Controlled phishing and pretext campaigns measuring genuine staff susceptibility, with targeted training built on the results.
Internal and external network testing — segmentation, exposed services, weak protocols, lateral-movement paths and privilege escalation across your estate.
Authenticated scanning and verified analysis of infrastructure, endpoints and cloud — prioritised by genuine business risk, not raw scanner output.
A concise, risk-ranked review of email, identity, devices, backups and cloud configuration — ideal as a first step. Delivered within one week.
Manual and assisted review of your codebase for security flaws at the source — injection, secrets, insecure dependencies and dangerous patterns missed at runtime.

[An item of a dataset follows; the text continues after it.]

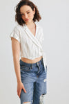 White & Black Striped Collared Wrap Neck Tie Crop Top /2-2-2

Ongoing offensive testing for teams shipping fast — recurring assessments, attack-surface monitoring and retesting as you release, on a simple monthly subscription.
Big consultancies price small and mid-sized companies out of proper testing — then those companies get breached. HP/SEC exists to close that gap: the same offensive-security rigour the large firms sell, bundled into clear fixed-price packages a growing business can actually afford. No day-rate surprises, no enterprise minimums.

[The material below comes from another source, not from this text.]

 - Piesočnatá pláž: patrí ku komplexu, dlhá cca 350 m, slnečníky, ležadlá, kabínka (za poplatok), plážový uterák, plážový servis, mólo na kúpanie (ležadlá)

// Every engagement includes a free retest of critical fixes and a clear, jargon-free report your whole team can act on — or we keep working until it's right. All packages are fixed-price and scoped in advance. Not sure what you need? Ask us — we'll point you to the right starting point, honestly.
Every engagement follows the same structured, transparent process — wherever you are in the world. No open-ended retainers, no scope creep, no reporting that requires translation.
A complimentary thirty-minute discussion to understand your organisation, current security posture and objectives. We use this conversation to establish whether HP/SEC is the right partner for your requirements before any commitment is made.
A concise proposal defining scope, deliverables, methodology, timeline and fee — agreed in writing before any work begins. For offensive engagements, signed authorisation and rules of engagement are established at this stage.
Work is conducted to the agreed schedule by our consulting team, with a structured midpoint check-in to confirm direction. Findings that present immediate risk are escalated to you the day they are identified, not held for the final report.
Findings are delivered as an executive summary for decision-makers and a technical report with complete evidence and remediation guidance. A thirty-day follow-up window is included with every engagement as standard.
Large consultancies bring methodology but treat smaller clients as overflow work. HP/SEC brings the same standards — OWASP, MITRE ATT&CK, NIST — with direct access to the consultants doing the work.
Every engagement is led and quality-assured by senior consultants, with named points of contact throughout. You always know who is responsible for your work.
Our distributed consulting team operates across time zones, enabling overnight assessment windows, rapid turnaround and incident support whenever it is needed.
Findings are written for the audience: a board-ready executive summary, and a technical report your engineers can act on the same day it arrives.
If your question is not covered below, submit an enquiry — every message receives a substantive response within one working day.
Yes. HP/SEC delivers remotely to clients worldwide. The substantial majority of our services — penetration testing, web, API and mobile application assessments, cloud security reviews and continuous testing — are delivered remotely as standard, and our team operates across time zones.
Yes — organisations of between five and five hundred staff are our core client base, and our pricing is structured accordingly. We also support larger organisations with defined, project-based requirements.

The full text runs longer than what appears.